The data on landslides in Jingdong County are based on interpretations from remote sensing images of geological hazards in Jingdong County in 2014. The landslide data were geolocated, and 136 landslide points were obtained. The slope unit was chosen as the evaluation unit. The slope unit divides the study area into many large and small slopes according to the basic shapes of the mountains and connects hazard formation conditions with natural factors such as topography and geomorphology. The slope unit is more suitable than the grid for LSM. In this paper, we used the curvature watershed method to divide slope units, resulting in 12,785 slope units in total [45]. Based on the slope units where the landslide points were located, 136 landslide units were selected as the modeling data. In addition, 136 non-landslide units were randomly selected outside 500 m buffer zones around the landslide units [46]. A total of 272 sample data were obtained; 70% (190) of the slope units were used as training data, and the remaining 30% (82) were used as test data [47].

2.3. Factor data sources

The formation of landslides is restricted by a variety of internal and external forces [48]. The dominant factors affecting landslides vary among study areas.
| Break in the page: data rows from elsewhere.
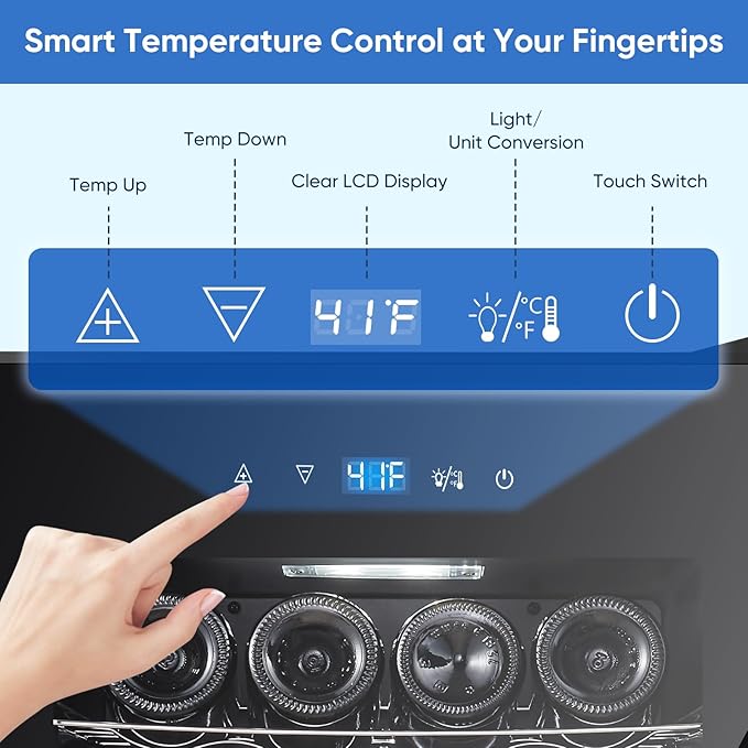 - Easy Digital Control Panel: The ORYMUSE wine fridge features an easy-to-use digital control panel with a clear LCD display. Adjusting the temperature is simple, and the LCD screen displays the current settings, allowing you to monitor and modify the temperature without opening the door. This helps maintain the internal environment, ensuring your wine stays in ideal conditions without fluctuations.
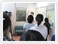 参加者は、22名(医学部学生16名、初期研修医6名)で、うち5名が男性でした。今回見学した周産期診療施設は、千葉市立海浜病院・東京女子医大八千代医療センター・成田赤十字病院・旭中央病院・君津中央病院・亀田総合病院の計6か所でした。昨年の第1回・第2回以上に、参加者も各施設の先生方も大変熱心で、ついつい滞在時間が延びて日程は大幅に遅れてしまいました。18日夜には、かずさアカデミアパーク内のホテルオークラでイブニングレクチャーが行われ、夕食・交流会には若手産科医が加わりました。その後、話は一向に尽きず二次会、さらには有志による三次会へと続いて行きました。
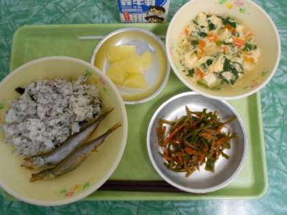 かみかみごはんはじゃこやわかめが入っているので自然によく噛むようになるごはんです。
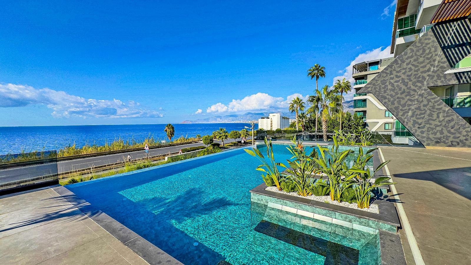 Більярд Безпека Сполучена ванна кімната Сигналізація Кабельне телебачення-супутник Камера ліфт басейн Критий басейн Зовнішня Парковка спортзал Готово в Аланії Громадянство Кімната відпочинку Бар біля басейну Джакузі Турецька лазня парова кімната пергола безкінечний басейн Соляна кімната Масажна кімната Лобі Кафе Перша лінія моря
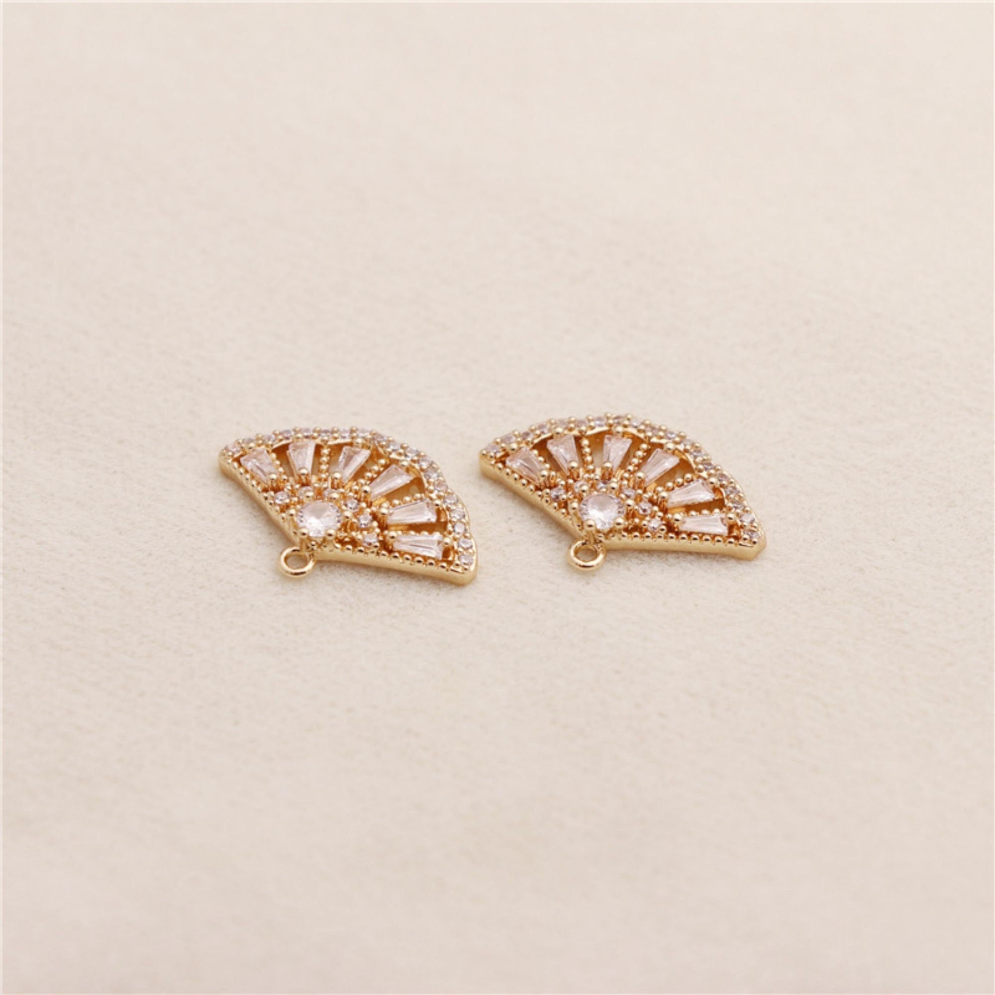 CZ Pave Fan Shape Charm, Cubic Zircon Crystal Fan Pendant, Bracelet Necklace Pendant, Gold Plated Charm, Jewelry Findings STG026-F113

A total of 11 factors were selected according to field investigation and a review of the relevant literature. The selected factors combined characteristics such as data accessibility and quality of acquired data and included elevation, slope, aspect, curvature, average annual precipitation (AAP), normalized difference vegetation index (NDVI), topographic wetness index (TWI), distance to roads (DTRO), lithology, distance to faults (DTF) and distance to rivers (DTRI). The factor data sources and processing steps are shown in Table 1. The processed factors were converted into a raster data format with a resolution of 30 m×30 m and unified under the same projection coordinate system, and the results are shown in Fig 2.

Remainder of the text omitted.